NOTE: You are looking at documentation for an older release. For the latest information, see the current release documentation.
Keyword Repeat Token Filter
editKeyword Repeat Token Filter
editThe keyword_repeat token filter Emits each incoming token twice once
as keyword and once as a non-keyword to allow an unstemmed version of a
term to be indexed side by side with the stemmed version of the term.

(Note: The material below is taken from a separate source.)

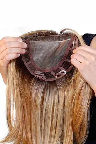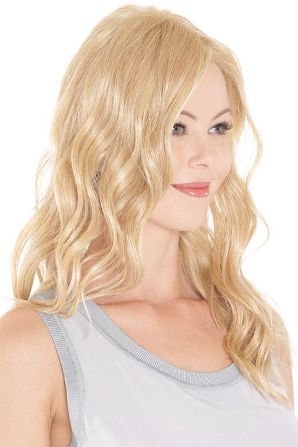 The famous Lace Front Mono Top in a modern beach wave. 18 inches long. luxurious hand pulled strand-by-strand full monofilament hairpiece that gives the effect of a full cap wig. Enjoy the comfort and lightweight of deluxe full lace front hairpiece. Added extra 4 layer of hair in the back of the piece gives just a little more volume and coverage without wearing a full wig. Beautiful modern curls flowing naturally can be yours anytime without using the curling iron or the rollers. Built in snap clips make it easy to secure. Perfect for adding the volume to the crown and natural texture to frame the face.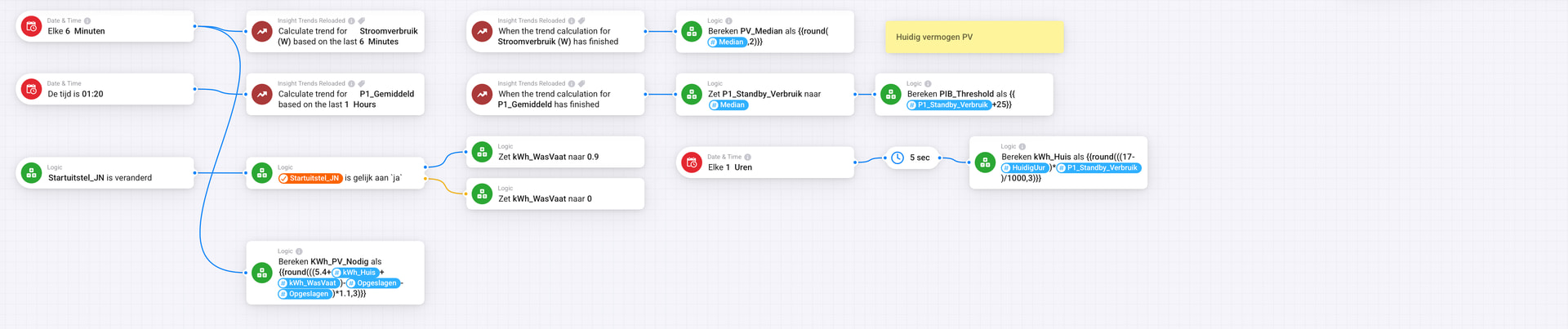 Om toch wat laag hangend fruit van de energiemarkt te plukken heb ik een flow gemaakt om het laden van de batterij uit te stellen totdat de marktprijs het laagste is. Ik maak daarbij gebruik van de energie voorspelling van Solcast om te bepalen of de batterij normaal moet werken, of dat deze stand-by gezet mag worden. (je wil natuurlijk wel tegen de avond een volle batterij)

Given the nature of this filter each token that isn’t transformed by a
subsequent stemmer will be indexed twice. Therefore, consider adding a
unique filter with only_on_same_position set to true to drop
unnecessary duplicates.
Here is an example of using the keyword_repeat token filter to
preserve both the stemmed and unstemmed version of tokens:
PUT /keyword_repeat_example
{
"settings": {
"analysis": {
"analyzer": {
"stemmed_and_unstemmed": {
"type": "custom",
"tokenizer": "standard",
"filter": ["lowercase", "keyword_repeat", "porter_stem", "unique_stem"]
}
},
"filter": {
"unique_stem": {
"type": "unique",
"only_on_same_position": true
}
}
}
}
}
And you can test it with:
POST /keyword_repeat_example/_analyze
{
"analyzer" : "stemmed_and_unstemmed",
"text" : "I like cats"
}
And it’d respond:
{
"tokens": [
{
"token": "i",
"start_offset": 0,
"end_offset": 1,
"type": "<ALPHANUM>",
"position": 0
},
{
"token": "like",
"start_offset": 2,
"end_offset": 6,
"type": "<ALPHANUM>",
"position": 1
},
{
"token": "cats",
"start_offset": 7,
"end_offset": 11,
"type": "<ALPHANUM>",
"position": 2
},
{
"token": "cat",
"start_offset": 7,
"end_offset": 11,
"type": "<ALPHANUM>",
"position": 2
}
]
}
Which preserves both the cat and cats tokens. Compare this to the example
on the Keyword Marker Token Filter.